# opencode-memsearch

Persistent cross-session memory for [OpenCode](https://opencode.ai), powered by [memsearch](https://github.com/nicobako/memsearch).

This plugin gives your OpenCode agent long-term memory. It automatically summarizes each conversation turn and stores it in a local vector database. On session start, recent context is injected into the system prompt, and the agent can search all past memories with semantic search.

## Features

- **Automatic memory capture** — each conversation turn is summarized by an LLM and appended to daily memory files in `.memsearch/memory/`
- **Cold-start context** — the last 30 lines of the 2 most recent memory files are injected into the system prompt when a new session starts
- **Semantic search** — two custom tools (`memsearch_search` and `memsearch_expand`) let the agent search and drill into past memories
- **Per-project isolation** — memory collections are scoped by project directory
- **Local embeddings** — works with memsearch's ONNX or local embedding providers, so no API keys are needed for vector search
- **Daemon mode** — optional background daemon keeps the embedding model loaded in memory, reducing search latency from ~5-10s to ~50ms
- **Memory protocol** — a system prompt directive instructs the agent to check memory at session start and whenever it encounters a topic that might have prior context

## Prerequisites

You need the `memsearch` CLI installed with ONNX embeddings. The easiest way is via [uv](https://docs.astral.sh/uv/):

```bash
# Install uv (if you don't have it)
curl -LsSf https://astral.sh/uv/install.sh | sh

# Install memsearch with ONNX embeddings (recommended)
uv tool install 'memsearch[onnx]'

# Configure the ONNX embedding provider
memsearch config set embedding.provider onnx
```

Or install directly with pip:

```bash
pip install 'memsearch[onnx]'
memsearch config set embedding.provider onnx
```

The ONNX provider uses the `bge-m3` embedding model locally on your machine — no API keys or network requests needed for vector search. If you prefer a different embedding provider (e.g., OpenAI, a local `all-MiniLM-L6-v2` via `memsearch[local]`, or Ollama), see the [memsearch documentation](https://github.com/nicobako/memsearch) for configuration options.

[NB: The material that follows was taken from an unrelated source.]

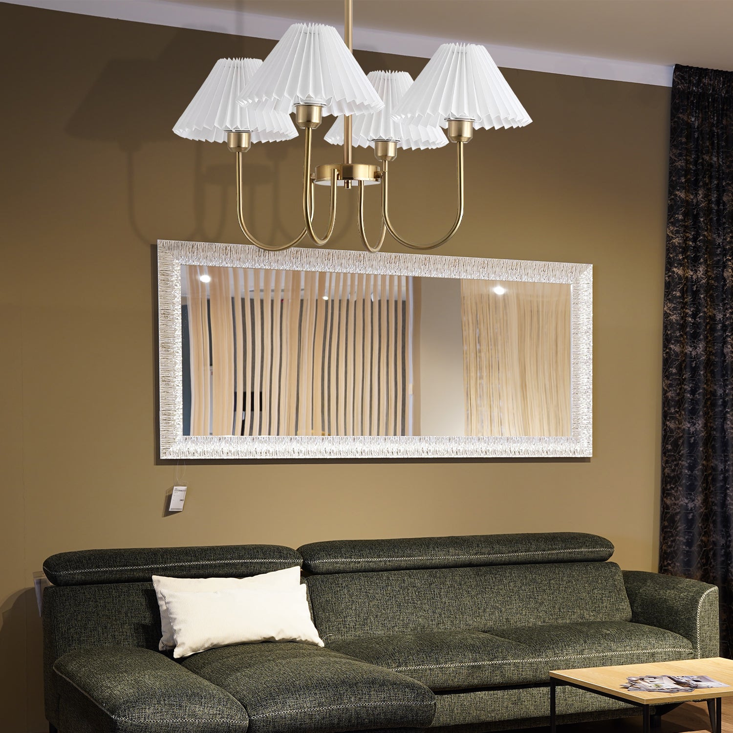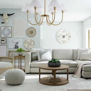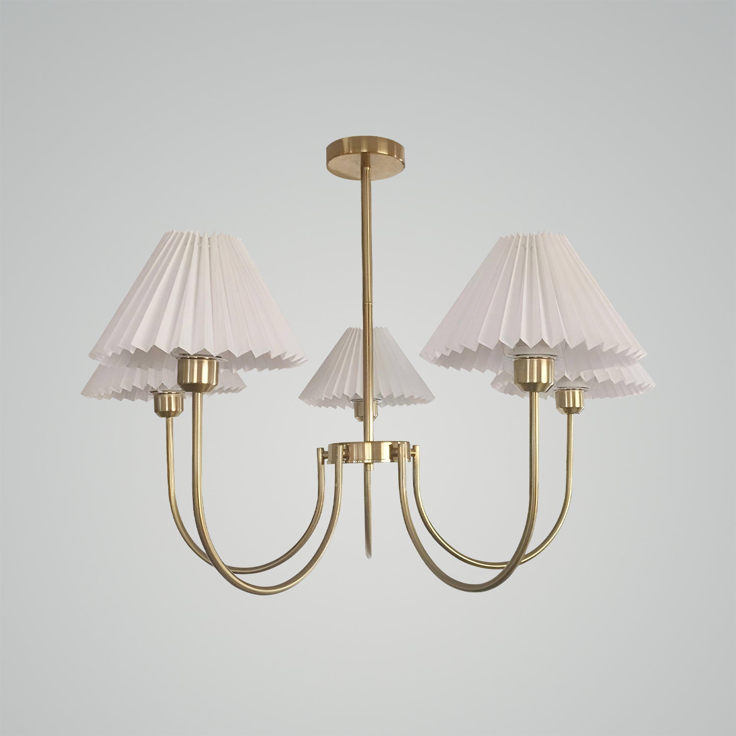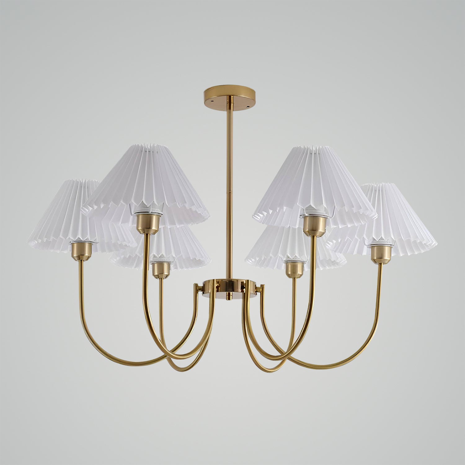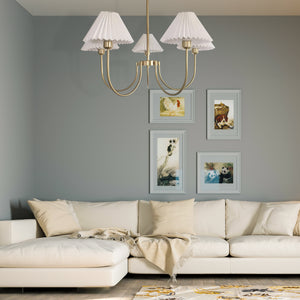 Unveiling the "Lenore Pleated Chandelier," a harmonious blend of traditional American country style with a touch of contemporary finesse. The chandelier features a series of white pleated shades, gracefully arranged to diffuse light softly and evenly throughout the room. Each shade is supported by a sleek, golden arm that culminates in a central hub, exuding sophistication and a warm, welcoming ambiance. This chandelier is perfect for those who appreciate the charm of country living but want to maintain a modern edge in their home décor. Whether it's hung in your dining area, living room, or foyer, the Classic Elegance Pleated Chandelier is sure to become a centerpiece that complements your interior with its timeless design and chic allure.

If `memsearch` is not installed, the plugin's tools will return a clear error message asking the agent to tell you to install it.

## Install

Add `opencode-memsearch` to the plugin list in your OpenCode config:

```json
{
  "$schema": "https://opencode.ai/config.json",
  "plugin": ["opencode-memsearch"]
}
```

This can go in either:
- `opencode.json` in your project root (project-level)
- `~/.config/opencode/opencode.json` (global)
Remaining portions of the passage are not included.